Reply: Parviz Fariborz: "Re: Error from re-start on very large context file"

Parviz,

   The problem you describe does not sound like any know bug or limitation in 
BLCR.  It is likely that you have uncovered a new BLCR bug.
   The "Bad Address" (from the -14) is EFAULT, which suggests that some aspect 
of the restarted memory mapping is incorrect.  If there is any failure to 
allocate/map memory, then the vmadump portion of BLCR should be detecting the 
failure prior to causing an EFAULT by accessing the memory.
   It would help if you could reconfigure and build BLCR with "--enable-debug" 
passed to BLCR's configure script to enable detailed tracing.  If you load the 
modules by running "make insmod cr_ktrace_mask=0xffffffff" in you BLCR build 
directory, then the next time you try to restart from your 36G context file 
dmesg should provide some detail as to what was happening prior to the EFAULT. 
  Sending us the last 100 lines or so from dmesg should probably be sufficient 
for us to narrow the possible causes, and perhaps suggest a solution.

-Paul

Parviz Fariborz wrote:
> 
> Hi,
> 
> I get the following error when I re-start a context file produced by 
> blcr-0.7.0 :
> 
> => cr_restart context.21849
> Restart failed: Bad address
> 
> The dmesg command produces the following error :
> 
> blcr: Retry request on -CR_ENOSUPPORT
> blcr: thaw_threads returned error, aborting. -14
> 
> Any idea what I may be doing wrong? Is this a bug?
> 
> Several more pieces of info :
> 
> I run blcr on a 64 bit machine running linux red-hat :
> 
> =>uname -a
> Linux ivel6 2.6.9-67.ELsmp #1 SMP Wed Nov 7 13:56:44 EST 2007 x86_64 
> x86_64 x86_64 GNU/Linux
> 
> Th size of the context file that produces the error is very large, 
> around 36G. When a checkpoint the same executable with an smaller data 
> set, which produce a smaller context file (around 3G) re-start works 
> with no problem.
> 
> Thanks in advance for your help.
> -Parviz
> 

-- 
Paul H. Hargrove                          PHHargrove_at_lbl_dot_gov
Future Technologies Group
HPC Research Department                   Tel: +1-510-495-2352
Lawrence Berkeley National Laboratory     Fax: +1-510-486-6900

Next message: Parviz Fariborz: "Re: Error from re-start on very large context file"

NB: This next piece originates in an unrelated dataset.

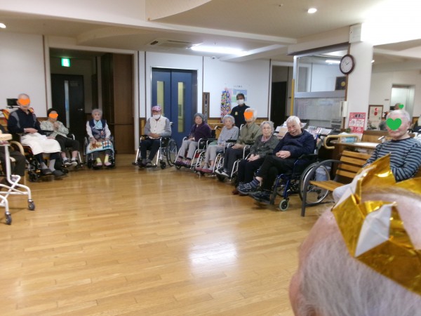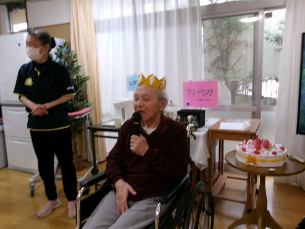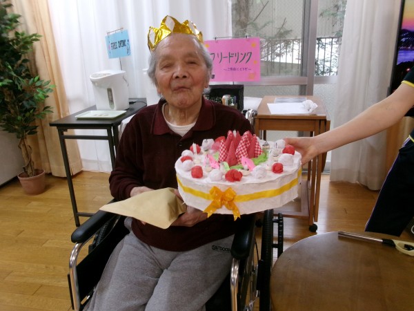 今月がお誕生日のご入居者様へ「おめでとう~」「おめでとうございます!」と皆さまより、祝福と拍手です!

Previous message: Parviz Fariborz: "Error from re-start on very large context file"
In reply to: Parviz Fariborz: "Error from re-start on very large context file"
Next in thread: Parviz Fariborz: "Re: Error from re-start on very large context file"
Reply: Parviz Fariborz: "Re: Error from re-start on very large context file"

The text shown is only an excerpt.